DELIVERED ON: 10 December 2001 DELIVERED AT: Brisbane HEARING DATE: 10 September 2001 JUDGE: Philippides J ORDER: Judgment for the defendant added by counterclaim against the defendant CATCHWORDS: NEGLIGENCE – claim against Marshal in respect of flooding of vessel under arrest - whether Marshal negligent in the care of the vessel while under arrest - whether Marshal negligent in failing to attend to stern gland.
ADMIRALTY - arrest - whether Marshal negligent in the care of the vessel while under arrest – whether Marshal negligent in failing to attend to stern gland.
Admiralty Rules 1988, r 47(2)
Dick v “The Percy and Jean” (unreported, Tas SC 140, 5/10/00)
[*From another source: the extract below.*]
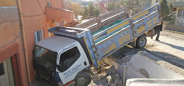 mahallesinde kömür yıktığı sırada freni boşalınca yol kenarındaki alçak duvarı da yıkarak Aydın Kılıç'a ait evin birinci katına çarptı. Kazada Kılıç ailesinin evde olduğu öğrenilirken, kamyonda ve evde maddi hasar oluştu. - Gümüşhane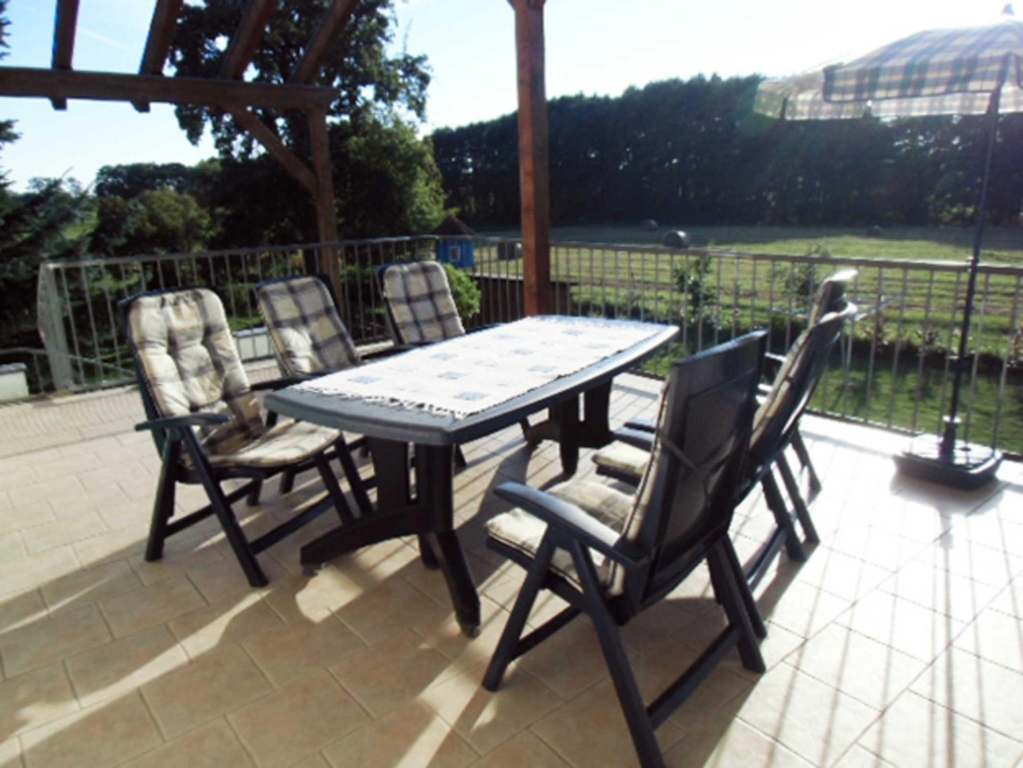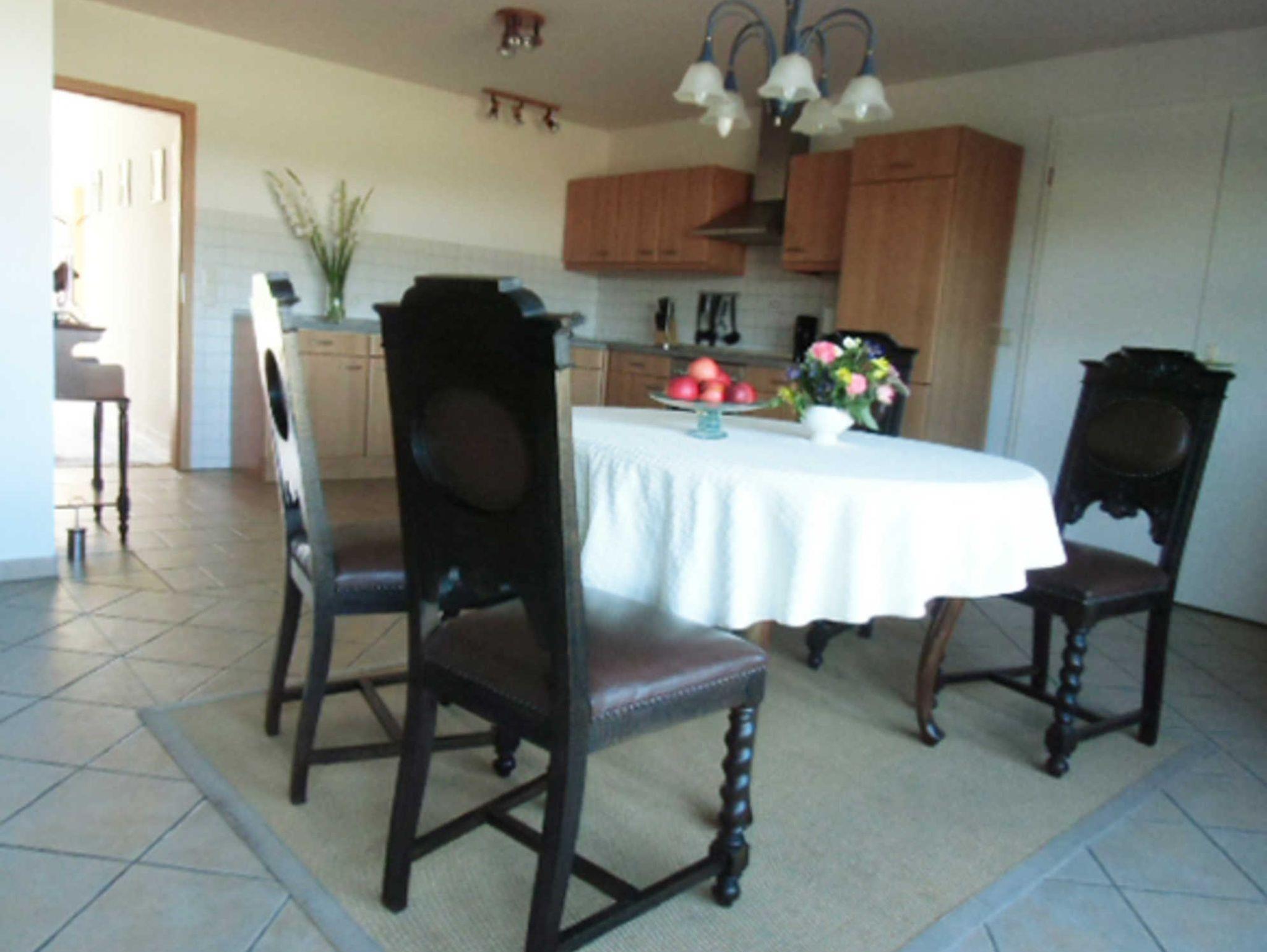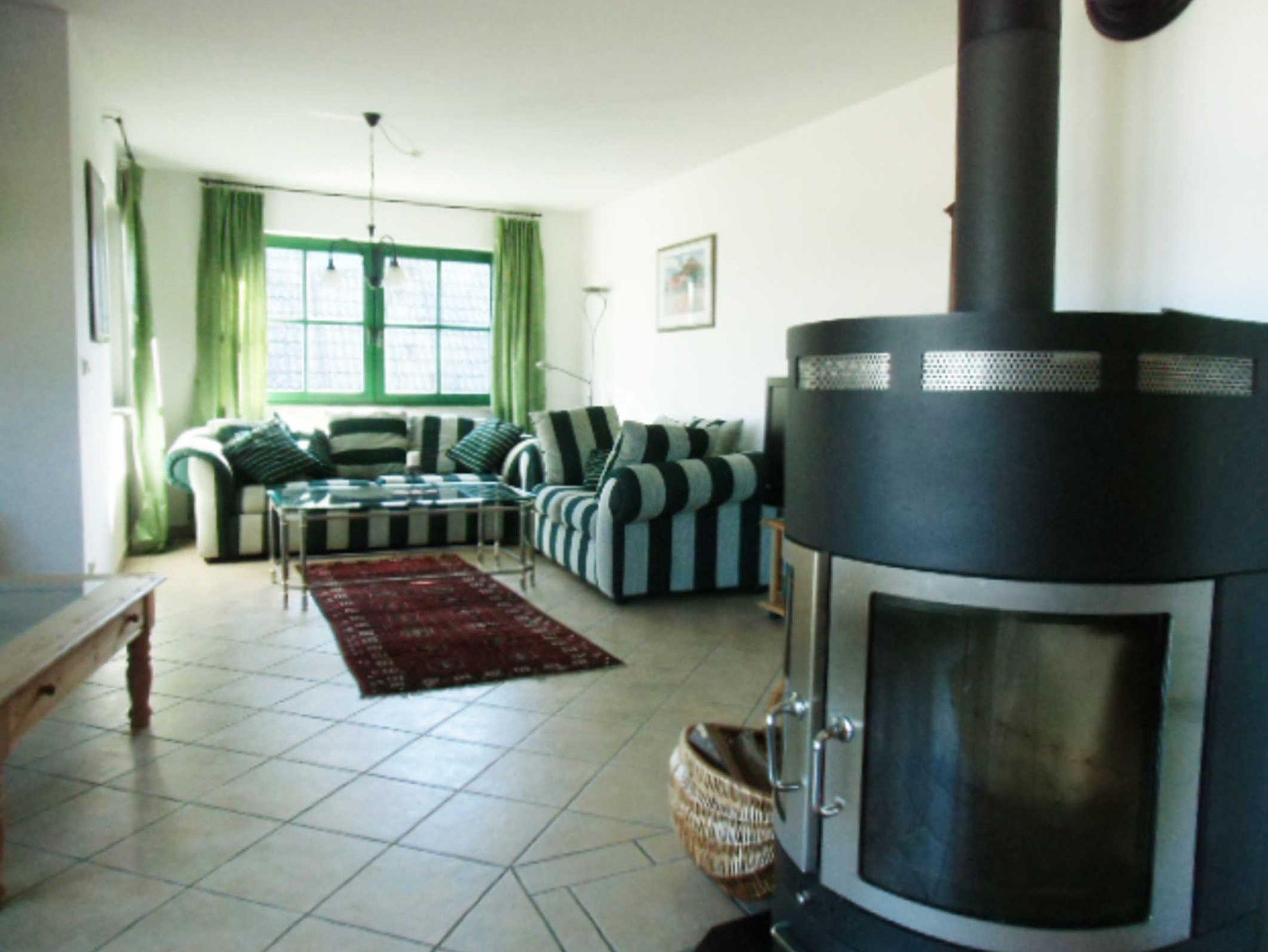 Die Fewo befindet sich im OG in einem Ferienhaus mit insgesamt 3 Fewo. Sie ist ganzjährig zu mieten und für bis zu 6 Personen geeignet. Sie verfügt über eine Wohn/-Küche mit einer Einbauküche (Geschirrspüler), Kamin, einem Schlafzimmer mit Ehebett, einem Schlafzimmer mit 2 Einzelbetten, Dusche/WC (Fön), Gäste WC, einer sonnendurchfluteten Terrasse, TV und Radio. Die Aufbettung für 2 Personen ist im Wohnzimmer möglich. Ein Kinderbett und ein Hochstuhl können auf Anfrage bereitgestellt werden. Eine Waschmaschine und ein Trockner können gegen Gebühr genutzt werden. Sitzecke im Garten und Grillmöglichkeiten vorhanden. Auf dem Grundstück befindet sich ein kostenloser PKW-Stellplatz. Handtücher und Bettwäsche sind nicht im Preis enthalten. Entweder bitte selbst mitbringen oder vor Ort für 8,00 Euro/Person mietbar. Haustiere nach Absprache, pro Haustier 7,00 Euro.

COUNSEL: AW Duffy for the plaintiff
PA Freeburn for the defendant by counterclaim
SOLICITORS: Thynne & Macartney for the plaintiff
Mr Cassells appeared on behalf of the defendant
C W Lohe Crown Solicitor for the defendant by counterclaim
PHILIPPIDES J:
Introduction
The plaintiff, Mooloolaba Slipways Pty Ltd, commenced an action against the owners of the ship “Santa Maria” for $19,675.87 for services rendered in the repair of the vessel. A warrant for the arrest of the ship “Santa Maria” was issued in respect of that claim, pursuant to which the vessel was arrested at the Raptis Wharf.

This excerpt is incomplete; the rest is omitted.